(Records drawn from a dataset)
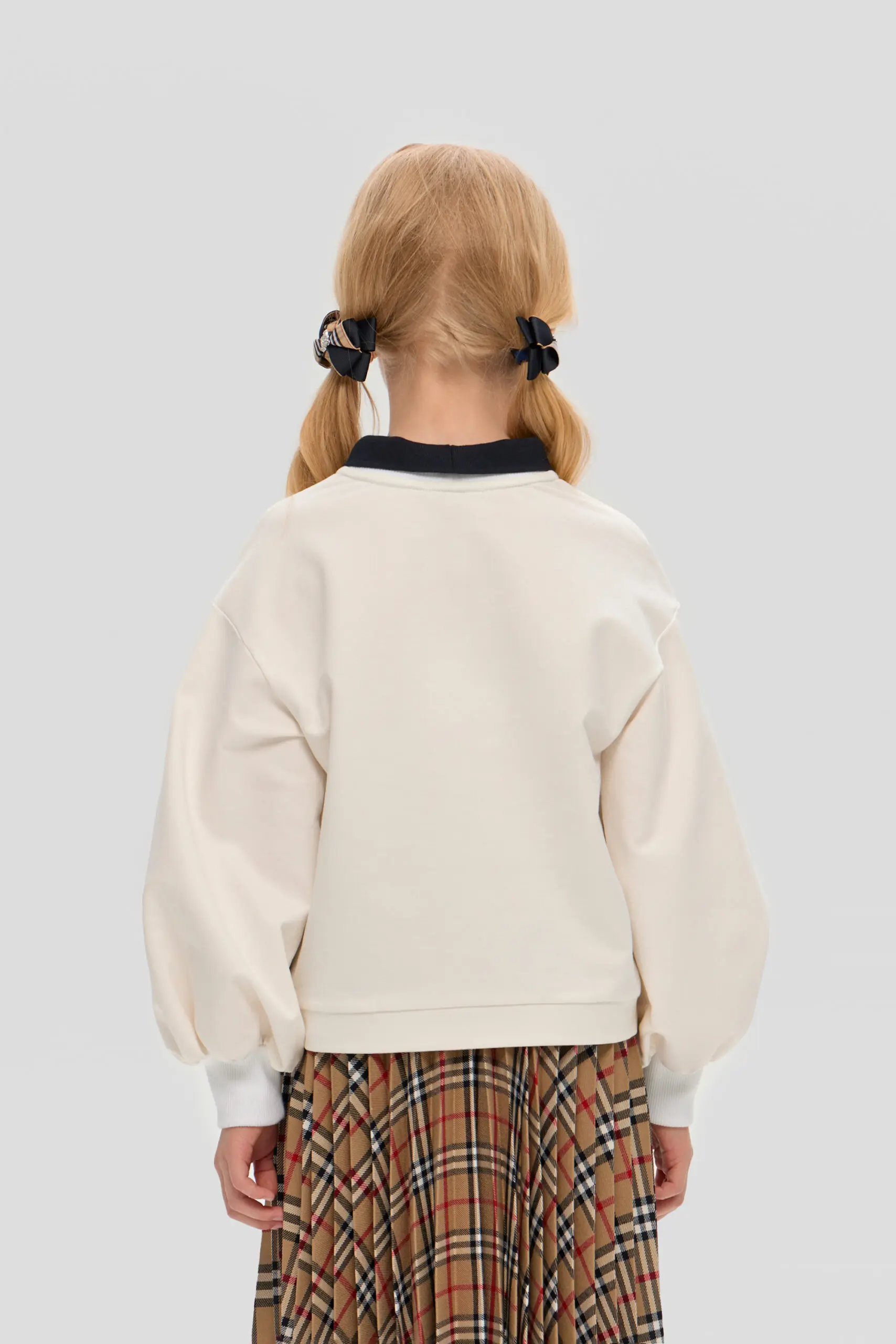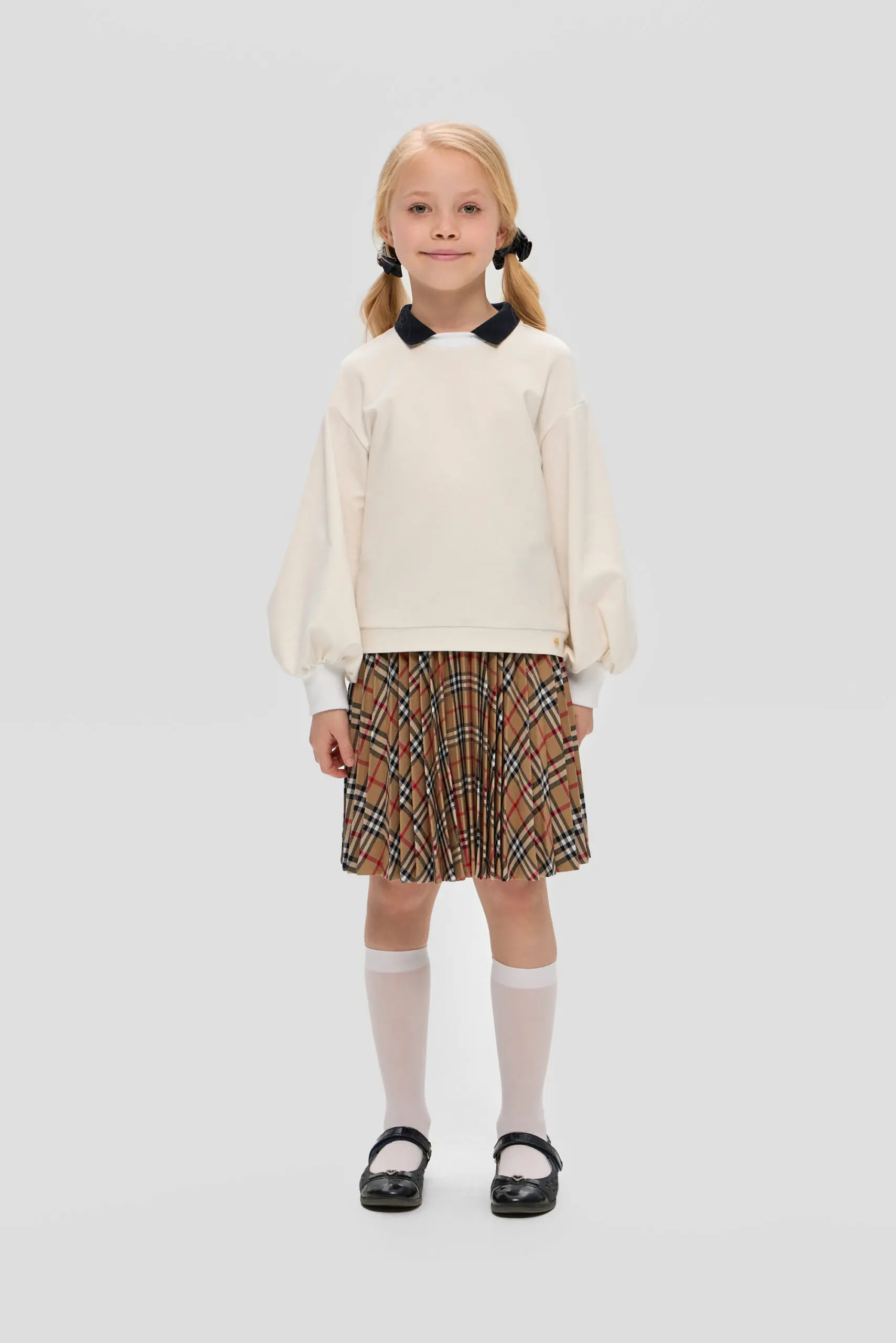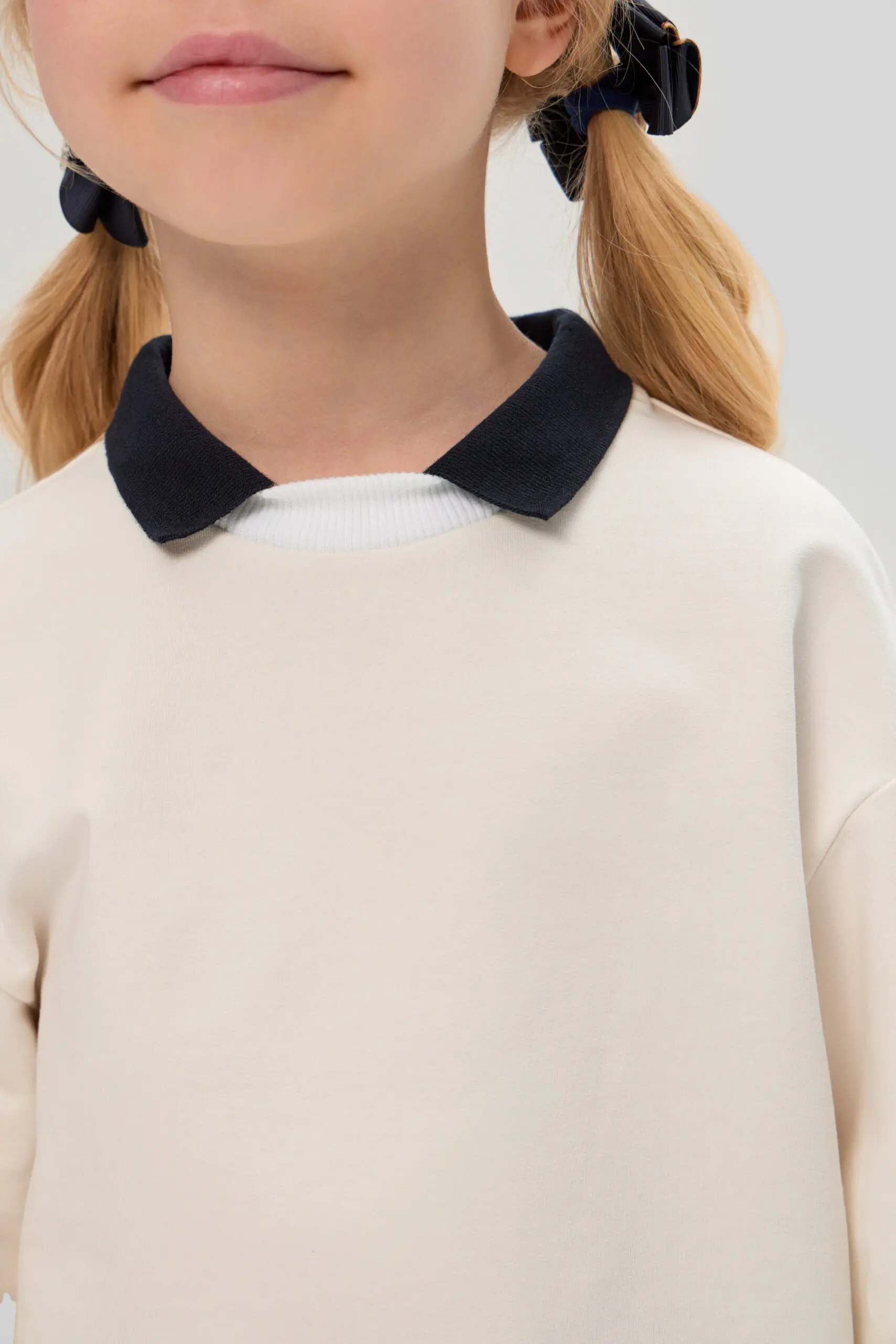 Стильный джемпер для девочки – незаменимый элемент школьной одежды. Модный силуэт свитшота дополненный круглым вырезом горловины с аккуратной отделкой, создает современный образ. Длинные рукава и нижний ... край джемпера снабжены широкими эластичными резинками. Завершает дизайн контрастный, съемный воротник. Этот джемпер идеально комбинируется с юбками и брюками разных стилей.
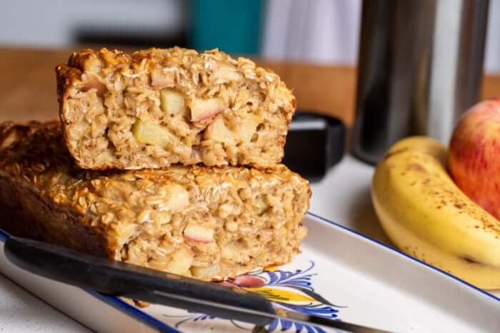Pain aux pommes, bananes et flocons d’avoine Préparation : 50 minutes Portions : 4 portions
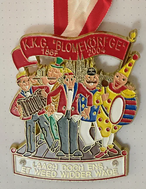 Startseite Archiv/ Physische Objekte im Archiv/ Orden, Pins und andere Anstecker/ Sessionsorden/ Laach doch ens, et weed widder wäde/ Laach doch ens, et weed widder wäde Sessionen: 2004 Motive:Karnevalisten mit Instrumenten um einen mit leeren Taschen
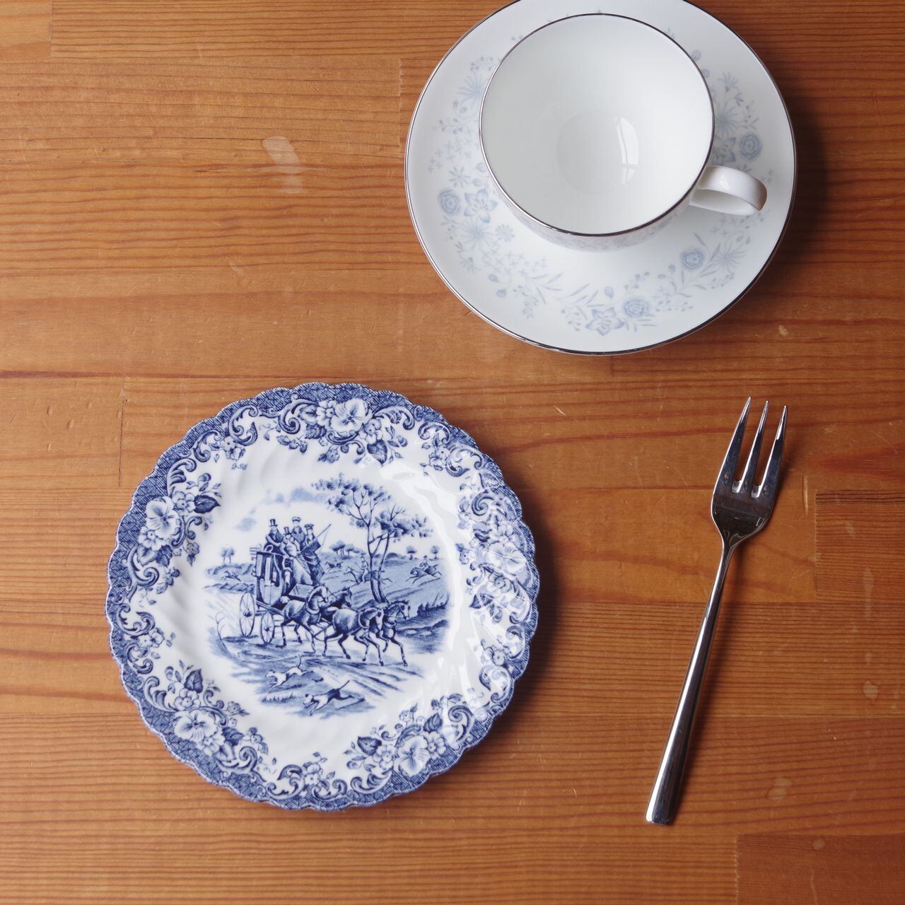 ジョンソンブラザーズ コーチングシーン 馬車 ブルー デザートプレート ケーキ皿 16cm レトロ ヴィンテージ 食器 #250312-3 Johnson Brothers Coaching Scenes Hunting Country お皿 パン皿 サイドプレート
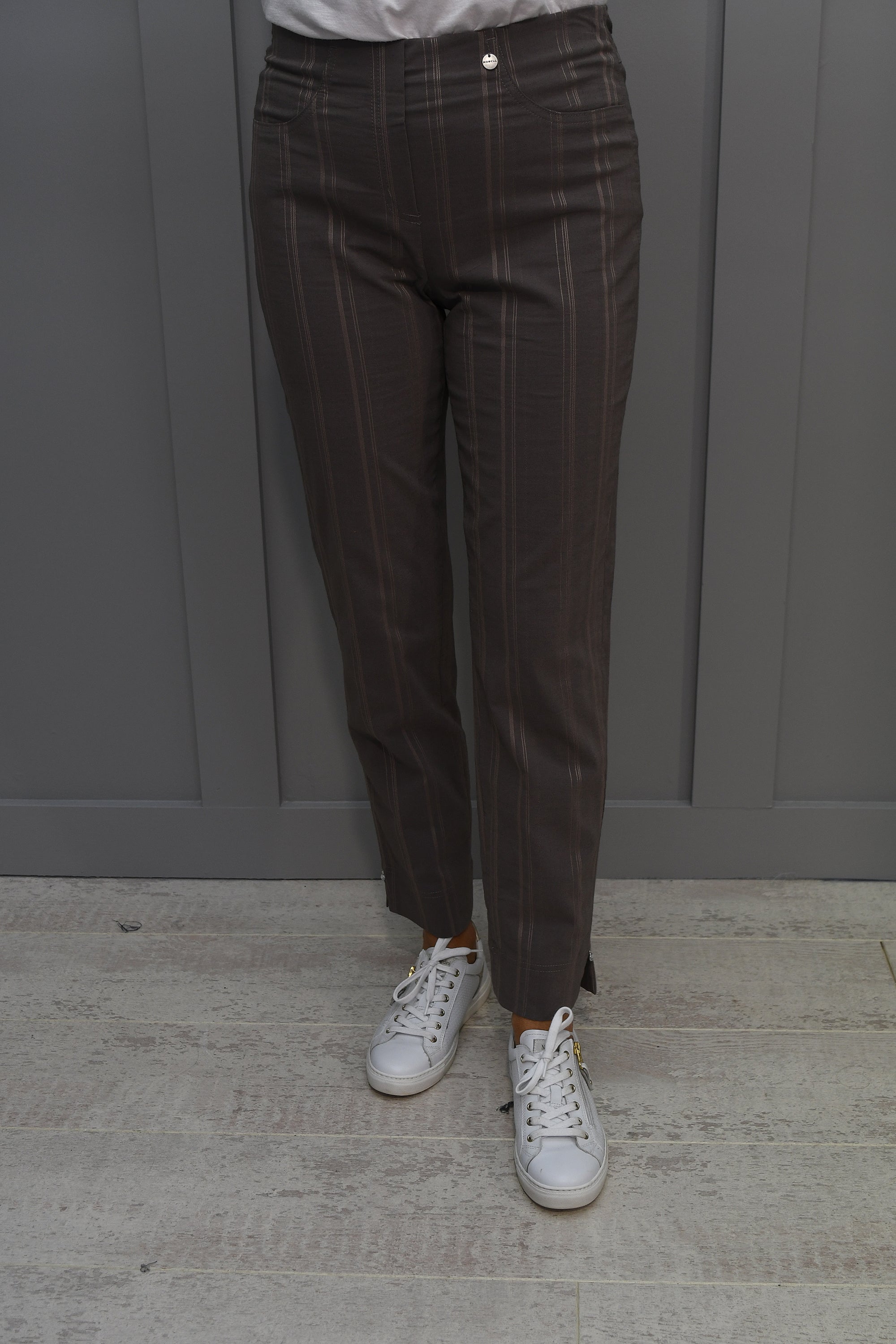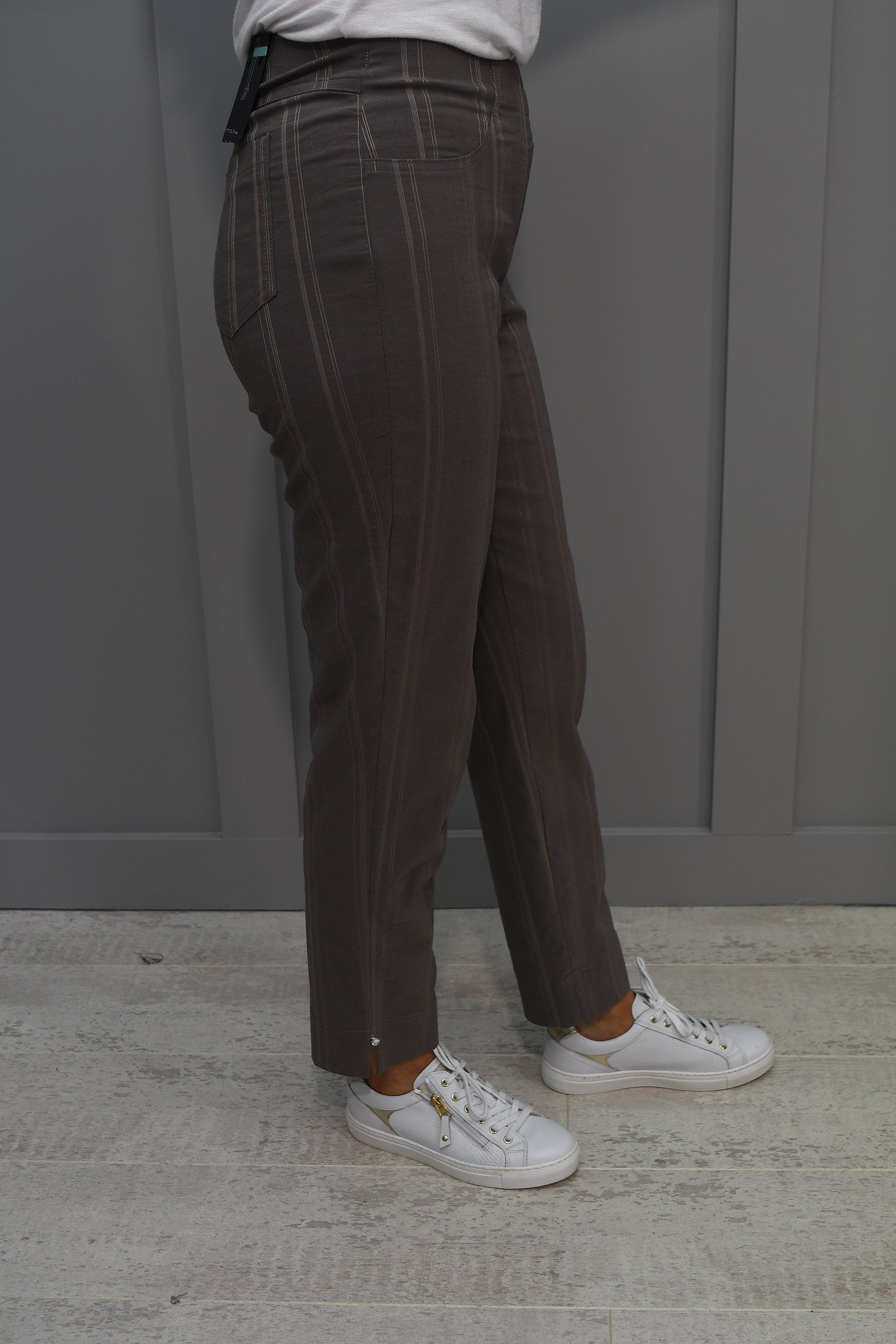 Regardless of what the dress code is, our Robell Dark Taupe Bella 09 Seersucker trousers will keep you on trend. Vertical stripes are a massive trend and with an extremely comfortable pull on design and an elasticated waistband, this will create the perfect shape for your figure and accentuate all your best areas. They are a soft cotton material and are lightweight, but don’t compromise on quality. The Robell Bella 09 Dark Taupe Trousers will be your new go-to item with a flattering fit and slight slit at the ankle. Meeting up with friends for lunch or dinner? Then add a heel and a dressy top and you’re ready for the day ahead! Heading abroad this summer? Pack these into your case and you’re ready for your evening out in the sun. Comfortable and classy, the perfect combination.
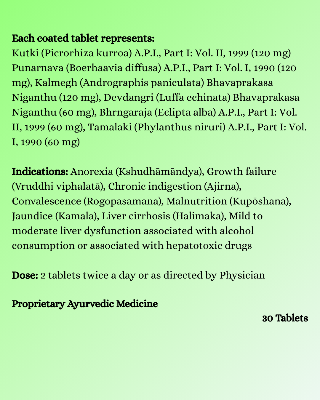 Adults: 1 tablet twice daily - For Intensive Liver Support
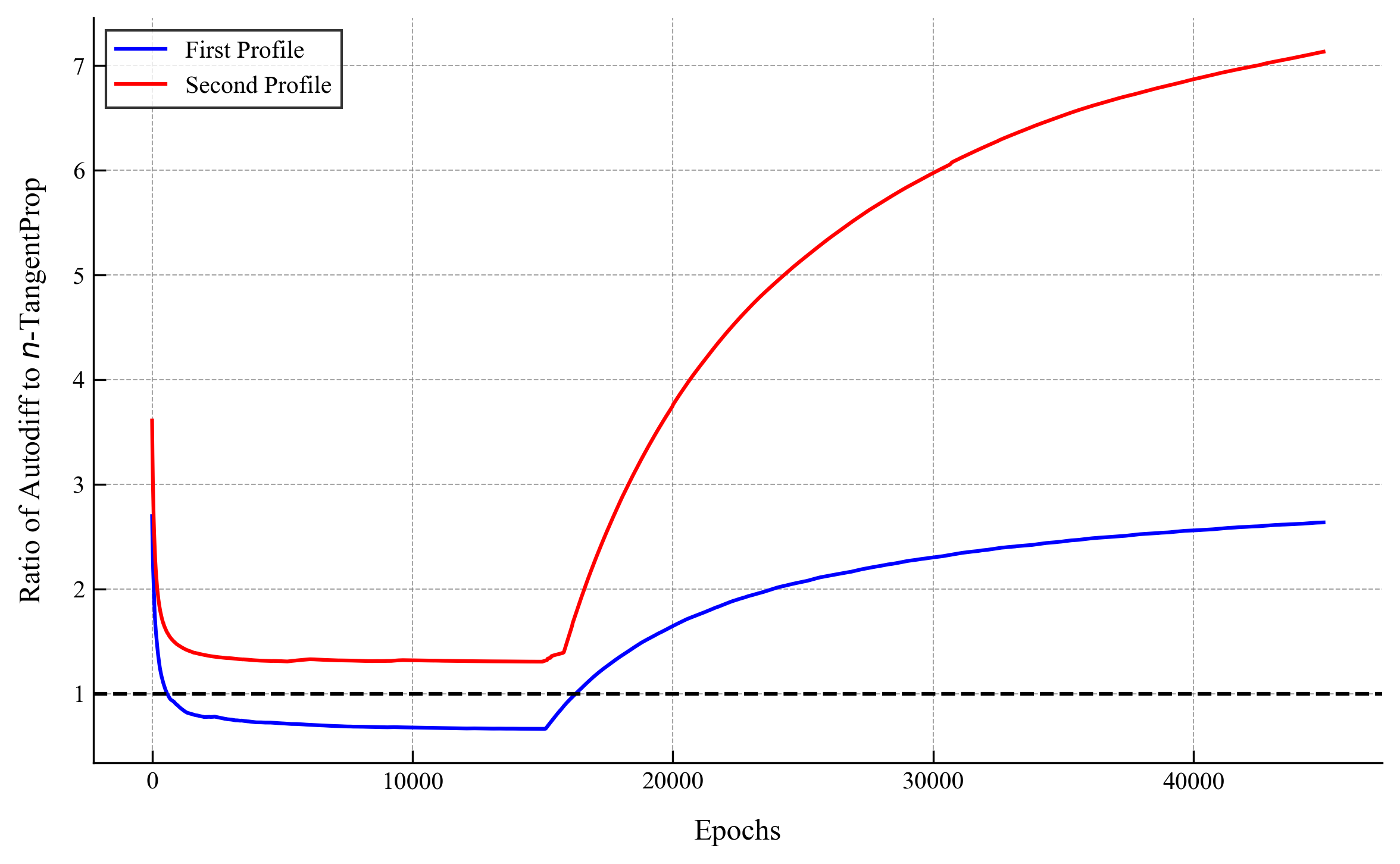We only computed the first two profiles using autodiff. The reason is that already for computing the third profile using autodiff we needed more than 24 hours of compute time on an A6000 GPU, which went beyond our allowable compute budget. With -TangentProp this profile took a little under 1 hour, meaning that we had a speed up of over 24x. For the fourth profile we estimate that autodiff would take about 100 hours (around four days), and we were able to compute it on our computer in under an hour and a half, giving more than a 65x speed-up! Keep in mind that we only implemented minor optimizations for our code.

**ASSIGNMENT**: Nothing but the lines from the line containing "Adults: 1 tablet" through the end of the records belongs in the answer, written out exactly, both ends included, without pictures.

**EXERCISE ANSWER**:
 Adults: 1 tablet twice daily - For Intensive Liver Support
We only computed the first two profiles using autodiff. The reason is that already for computing the third profile using autodiff we needed more than 24 hours of compute time on an A6000 GPU, which went beyond our allowable compute budget. With -TangentProp this profile took a little under 1 hour, meaning that we had a speed up of over 24x. For the fourth profile we estimate that autodiff would take about 100 hours (around four days), and we were able to compute it on our computer in under an hour and a half, giving more than a 65x speed-up! Keep in mind that we only implemented minor optimizations for our code.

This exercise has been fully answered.